# What Was Your First Memory?



## debodun (May 11, 2020)

I remember my father giving me a little pair of sunglasses. I have a photo of me wearing them and I was just a baby.


----------



## hollydolly (May 11, 2020)

I remember being held by my foster mother  and my own mother waving to me from the back window of a retreating Taxi... . when I was 15  I recalled the memory to my mother , she was stunned, because no-one had ever mentioned that first foster home, ..  and as I was only 14 months old, she never thought for a second I would remember it..
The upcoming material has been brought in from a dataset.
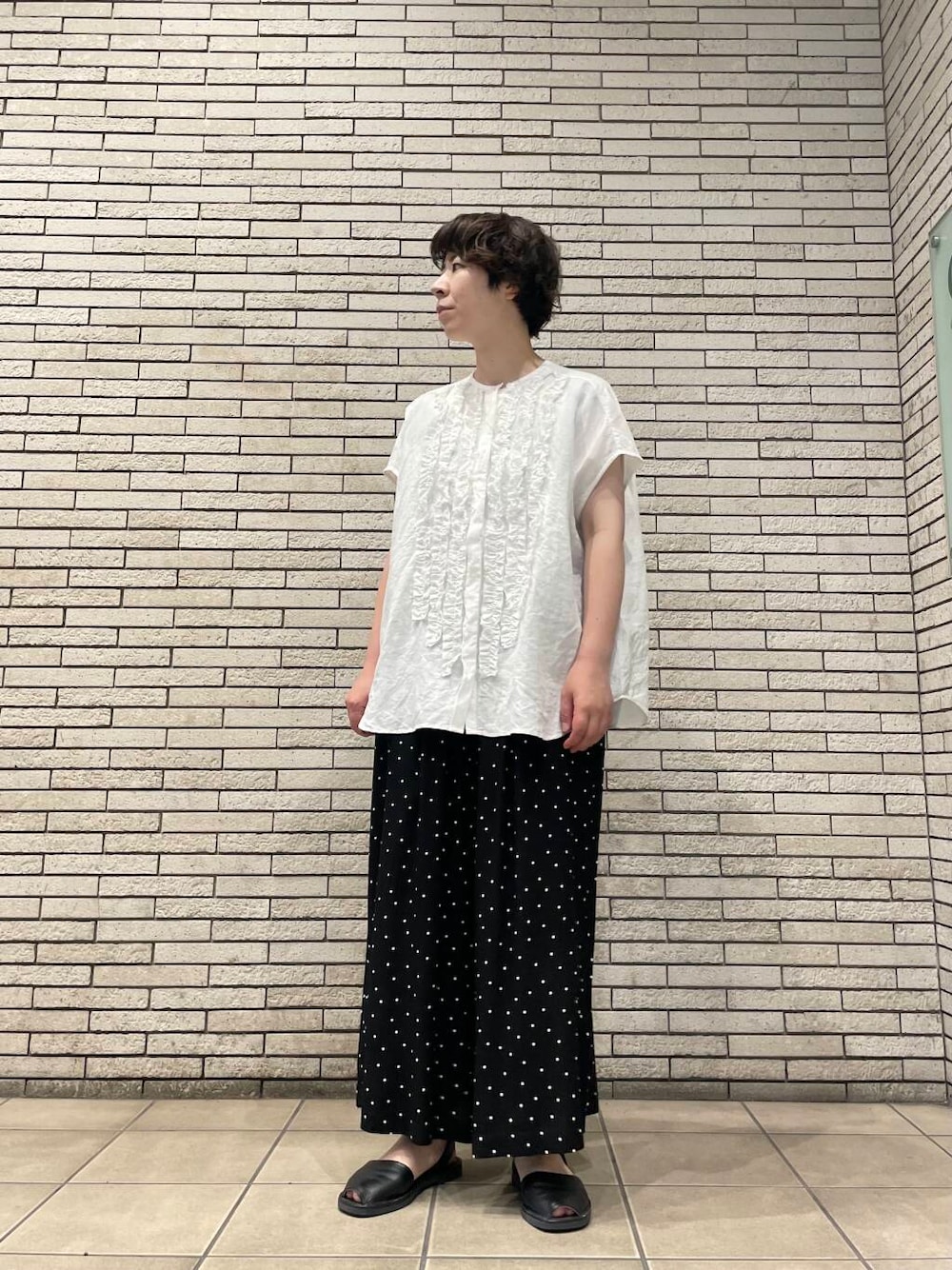 こんばんは。いわぶです。 涼しいリネンのブラウスに、ドット柄のパンツを合わせたクラシックスタイルです。 トップスは、フリルがアクセントになり素材感と相まって大人かわいい1着です。身幅がゆったり涼しく着用いただけます。 ボトムはスカート見えするギャザーパンツです。とろみのある落ち感で、カジュアルなトップスもラフに見えずシックな雰囲気に◎ ぜひお試しくださいませ💐
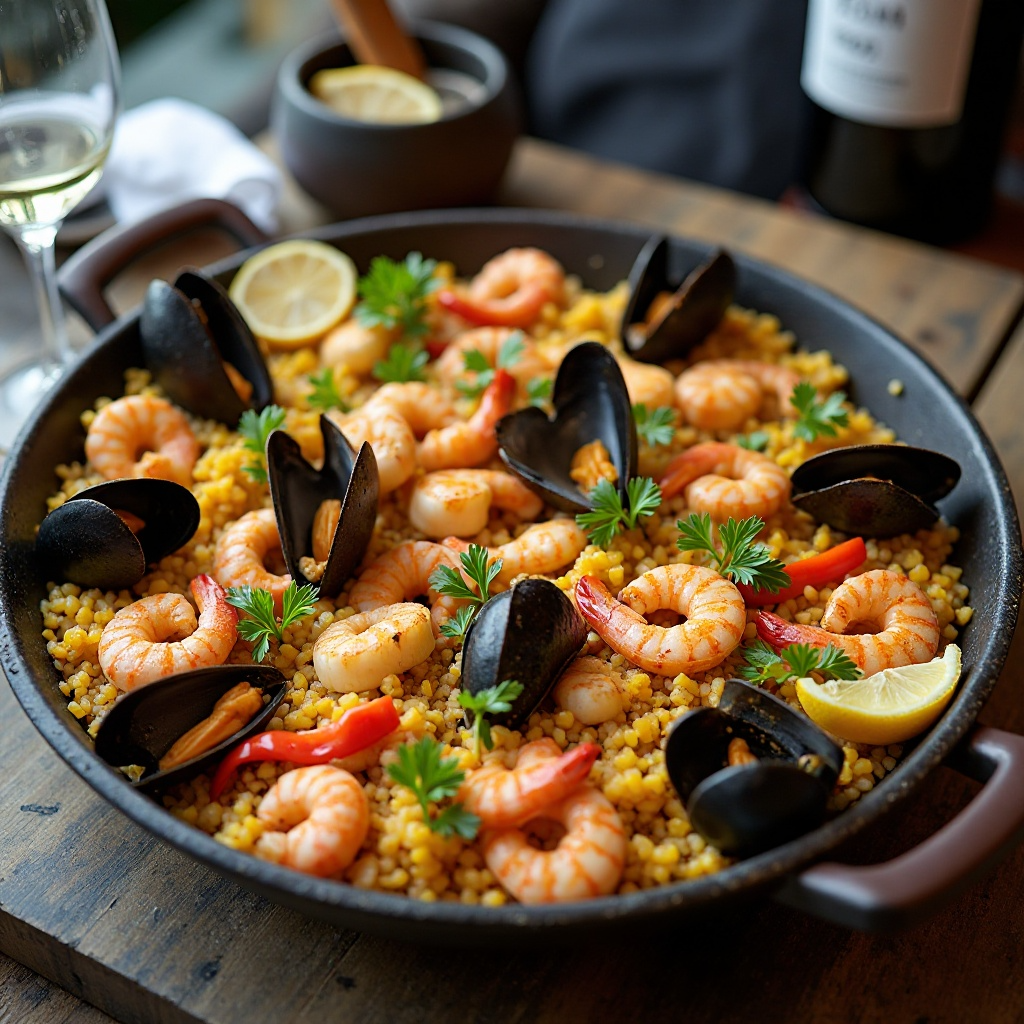 La paella de mariscos es rica en proteínas y ácidos grasos omega-3 debido a los mariscos. Los mejillones y las vieiras son particularmente beneficiosos para la salud cardiovascular. El arroz sin gluten (si se elige) puede adaptarse a una dieta más restrictiva. Recuerda consumir moderadamente para evitar el exceso de calorías.

My second memory is at that same foster home, where an older boy ( I learned later was just aged 9 ).. was sent upstairs to fetch me from the cot where I was stood crying.. and he dropped me from the top of the stairs to the bottom...


----------



## debodun (May 11, 2020)

hollydolly said:


> My second memory is at that same foster home, where an older boy ( I learned later was just aged 9 ).. was sent upstairs to fetch me from the cot where I was stood crying.. and he dropped me from the top of the stairs to the bottom...



Express delivery.


----------



## Aunt Marg (May 11, 2020)

Wow, Deb and Holly!

I remember crying... wailing in fact, laying in a stainless steel crib in a hospital, and the nurse (all dressed in white) was pulling hairpins out of her hair in front of a mirror, and dropping the hairpins into a sink below. 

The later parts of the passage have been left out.